Acetylthiocholine, butyrylthiocholine, propionylthiocholine, 5,5′-dithio-bis (γ-nitrobenzoic acid) (DTNB), eserine hemisulfate salt, tetraisopropylpyrophosphoramide (ISO-OMPA), 1,5-bis (4 -allyldimethyl ammoniumphenyl)-pentan-3-one dibromide (BW284C51), lyophilised acetylcholinesterase from Electrophorus electricus and γ-bovine globulins were purchased from SIGMA (USA). Bradford reagent was purchased from BIO-RAD UK. SDS (99% pure) and ethanol (99% pure) were purchased from MERCK Germany. Chemicals used for the ASTM hard water medium [Citation10] preparation (sodium hydrogen carbonate, magnesium sulphate heptahydrate, calcium sulphate dihydrate and potassium chloride) were purchased from Merck KgaA, Darmstadt, Germany, with degrees of purity of 99.5%, 99%, 99% and 99.5%, respectively.
2.2 Capture of fish
Fishes were captured in the Minho river estuary, in the Northwest of Portugal. This river was considered a reference sampling site in previous work by our group, due to the absence of large sources of anthropogenic pollution [Citation11]. Fish were captured with hand-nets and at a salinity of approximately 6 g/l. After capture, females were discarded and adult males were kept under laboratory-controlled conditions (dechlorinated tap water, temperature 20°C, photoperiod 16 h L: 8 h D, salinity of 6 g/l, continuous aeration) for one month before toxicity tests. Fish were fed daily with commercially available fish food (Sera Vipan ®).

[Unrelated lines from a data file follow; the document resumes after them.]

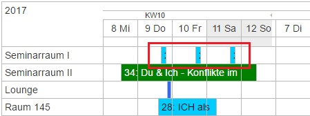 Bei der Zuteilung kann außerdem zwischen der Einstellung „Durchgehend“ und „jeden x-ten Tag“ unterschieden werden, Standard ist „Durchgehend“. Wenn ein Seminarraum von einer Gruppe nur morgens belegt wird und nachmittags wieder zur Verfügung steht, so wählen Sie die Einstellung „jeden x-ten Tag“ aus. Geben Sie das Intervall an (jeden Tag, jeden zweiten Tag, …) und eine Uhrzeit für die Raumbelegung. Bei der Zuteilung des Raums werden mehrere Raumzuteilungen, also mehrere farbige Balken auf dem Ressourcenplan, angelegt. Jede Raumzuteilung kann in der Folge gesondert bearbeitet oder gelöscht werden.
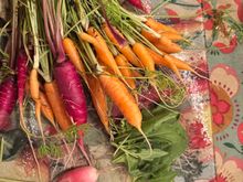Today’s carrot thinnings. We ( my wife really) grows much better carrots here than back in MA.
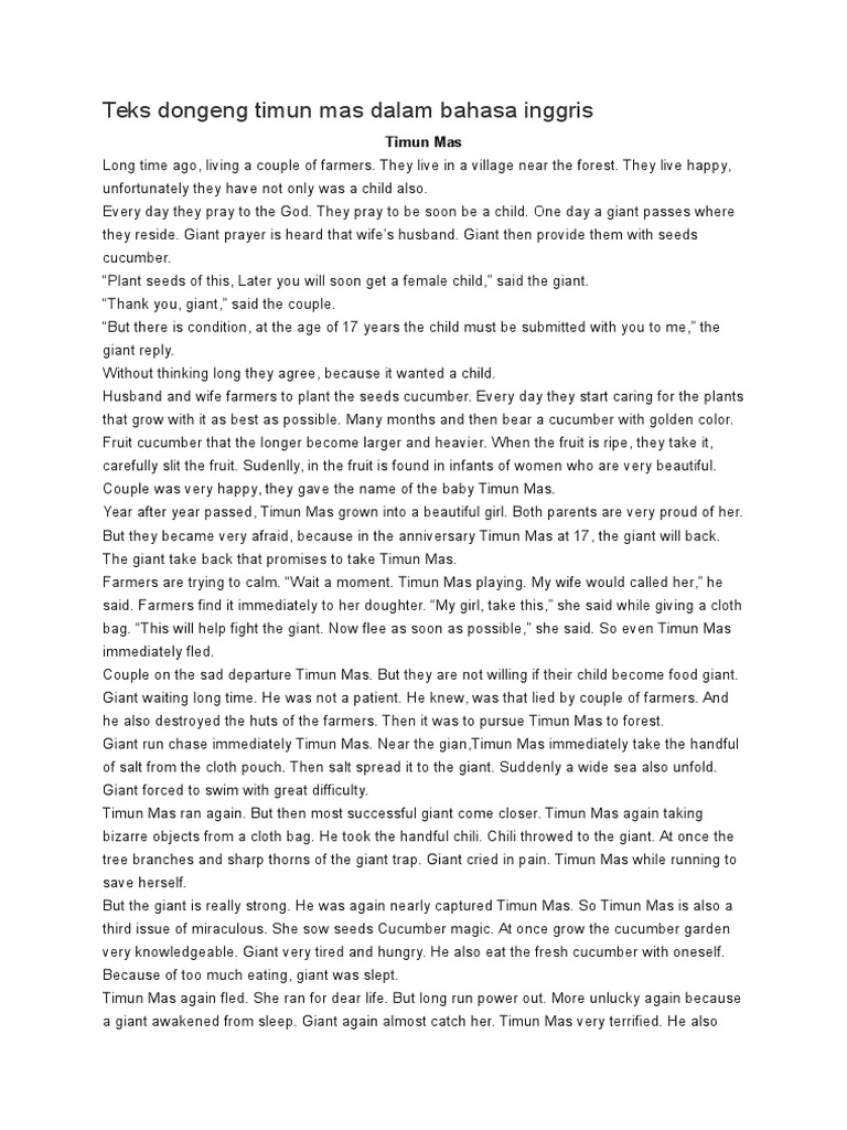 Cerita Rakyat Timun Mas Dalam Bahasa Inggris Beserta Arti Lengkap …
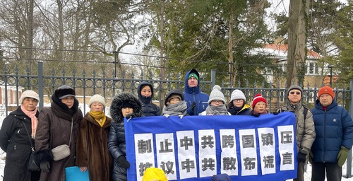 (Minghui.org) Praktykujący z Danii i krajów sąsiednich zgromadzili się 16 lutego 2026 roku przed chińską ambasadą w Kopenhadze, aby zaprotestować przeciwko oczernianiu i zastraszaniu Falun Dafa (Falun Gong) oraz Shen Yun Performing Arts przez ambasadę. Ambasada opublikowała na swojej stronie internetowej oświadczenie, aby zniechęcić ludzi do oglądania światowej sławy spektaklu Shen Yun.

2.3 Cholinesterase characterization
Male specimens were sacrificed by decapitation, and the head tissues were homogenized in ice-cold phosphate buffer (0.1 M, ). Homogenized tissues were centrifuged at 3300 × g for three min and supernatants were used for enzymatic determinations. Studies of substrate hydrolysis were performed using several concentrations of the substrates acetylthiocholine, butyrylthiocholine and propionylthiocholine in independent experiments. Eserine sulphate was used as inhibitor of ChE, 1,5-bis (4 -allyldimethyl ammoniumphenyl)-pentan-3-one dibromide (BW284C51) as selective inhibitor of AChE and tetraisopropylpyrophosphoramide (ISO-OMPA) as selective inhibitor of PChE. The activity of ChE was determined by the method of Ellman et al. [Citation12] adapted to microplate, as described by Guilhermino et al. [Citation4], but using 0.050 ml of fish head homogenate and 0.250 ml of the reaction mixture. Protein concentration in the samples was determined according to the method of Bradford [Citation13] adapted to microplate, in order to express enzymatic activities as a function of the protein content of the analysed samples.
2.4 In vivo studies
In vivo studies were performed through exposure of fish to sub-lethal concentrations of SDS, for a period of 96 h. Ranges of concentrations used in this study were chosen according to previously calculated LC50 values for this species [Citation14]. Concentrations of SDS were: 5.05, 6.06, 7.28, 8.73 and 10.48 mgL− 1. Each assay had an independent control (non-exposed fish). Male fishes were individually exposed in 200 ml of ASTM hard water medium with salinity adjusted to 6gL− 1. 10 replicates were used per treatment. Abiotic conditions were controlled during the exposure period (photoperiod 16 h L: 8 h D, temperature of 20 ± 1°C, continuous aeration). No food was supplied during exposure. Exposure apparatus was composed of plastic containers, previously thoroughly rinsed with distilled water. Medium was renewed after 48 h from the start of exposure. Parameters such as mortality, pH, temperature and dissolved oxygen were monitored during exposure, for test validation purposes. After exposure, fish were processed similarly to the method described above for the characterization of cholinesterases. Enzymatic activity was determined according to the above-mentioned protocol.
2.5 In vitro studies
Twenty non-exposed fishes were sacrificed, according to the above-mentioned procedures. After sacrifice, head tissues were similarly processed. In vivo assays involved the establishment of a range of concentrations of SDS in the final incubation volume, as 6.25, 12.5, 25, 50 and 100 μgL− 1. In vitro incubations were performed in 1.5 mL microtubes, by adding 5 μL of each concentration of SDS, dissolved in ultra-pure water, to a volume of 495 μL of supernatant. Incubation was performed at 25°C, during 30 min, with gentle shaking. Enzymatic activity was determined according to the above-mentioned protocol.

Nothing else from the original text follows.